* _Data shown_:
--
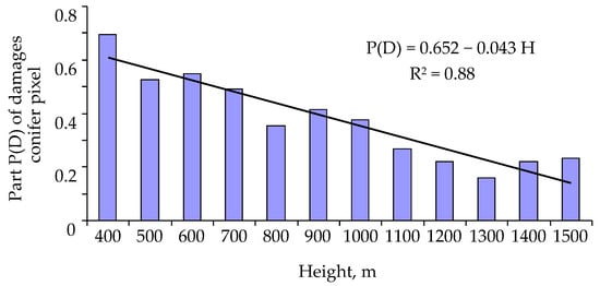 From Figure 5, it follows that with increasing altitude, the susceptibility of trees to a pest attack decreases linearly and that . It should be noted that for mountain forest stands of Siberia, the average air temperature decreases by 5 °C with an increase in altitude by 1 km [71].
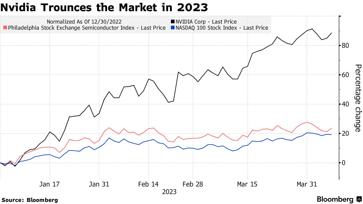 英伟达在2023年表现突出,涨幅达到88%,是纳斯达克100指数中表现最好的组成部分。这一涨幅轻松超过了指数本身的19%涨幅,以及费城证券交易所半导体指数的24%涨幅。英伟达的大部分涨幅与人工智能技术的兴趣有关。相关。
--
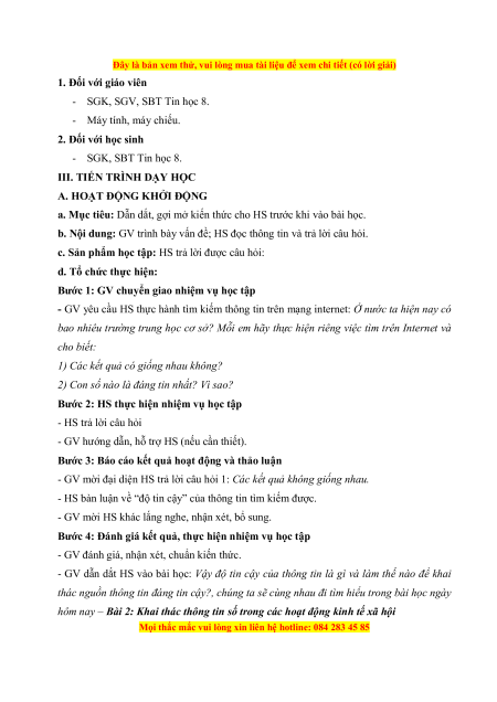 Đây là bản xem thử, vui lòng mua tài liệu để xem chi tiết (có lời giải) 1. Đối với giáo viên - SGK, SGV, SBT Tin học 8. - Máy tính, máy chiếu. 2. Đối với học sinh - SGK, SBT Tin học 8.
--
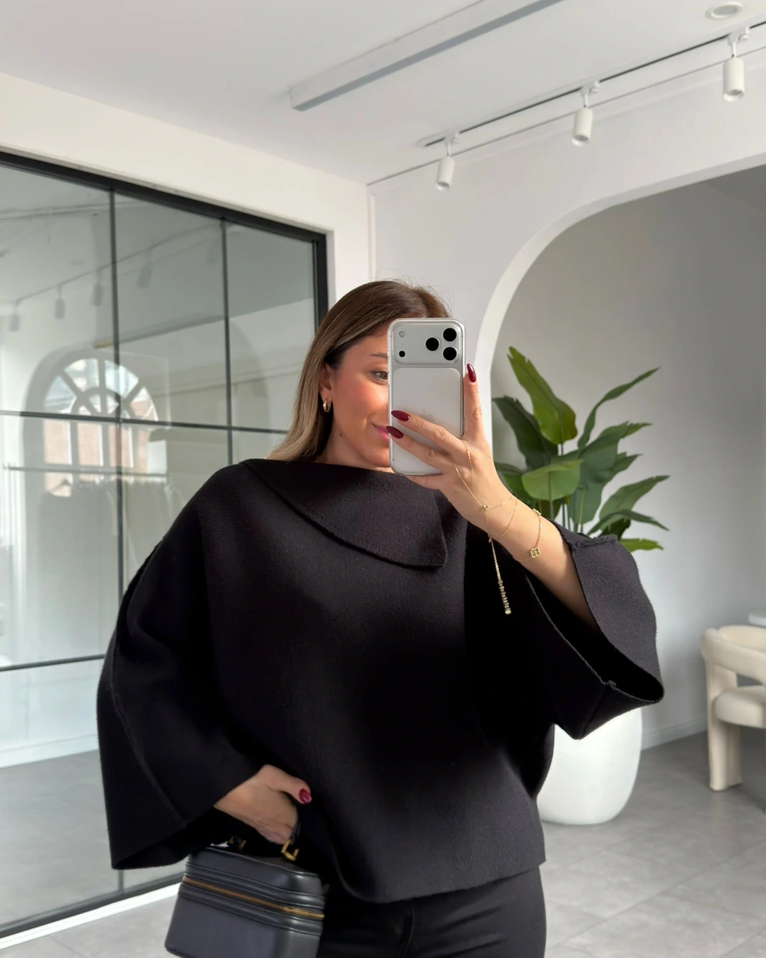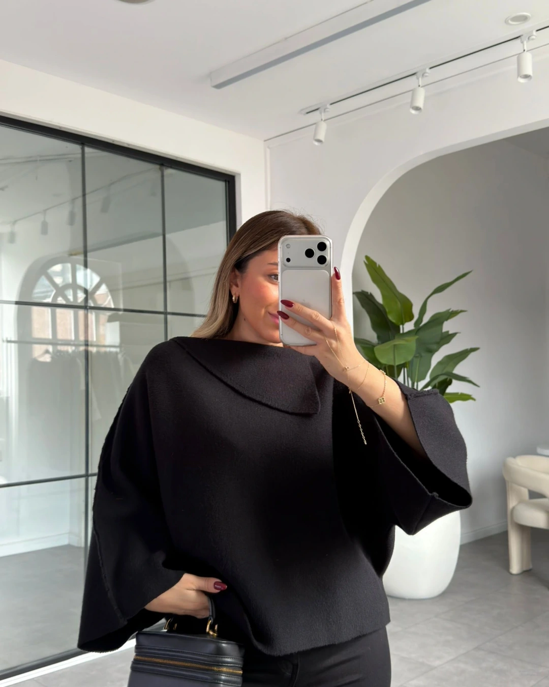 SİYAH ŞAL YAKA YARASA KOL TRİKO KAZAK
--
* _What is being asked_:
From the records above, return exactly the lines running from the one that contains "From Figure 5, it" down to the one that contains "英伟达在2023年表现突出,涨幅达到88", both included, without any pictures.

* _Problem solution_:
 From Figure 5, it follows that with increasing altitude, the susceptibility of trees to a pest attack decreases linearly and that . It should be noted that for mountain forest stands of Siberia, the average air temperature decreases by 5 °C with an increase in altitude by 1 km [71].
 英伟达在2023年表现突出,涨幅达到88%,是纳斯达克100指数中表现最好的组成部分。这一涨幅轻松超过了指数本身的19%涨幅,以及费城证券交易所半导体指数的24%涨幅。英伟达的大部分涨幅与人工智能技术的兴趣有关。相关。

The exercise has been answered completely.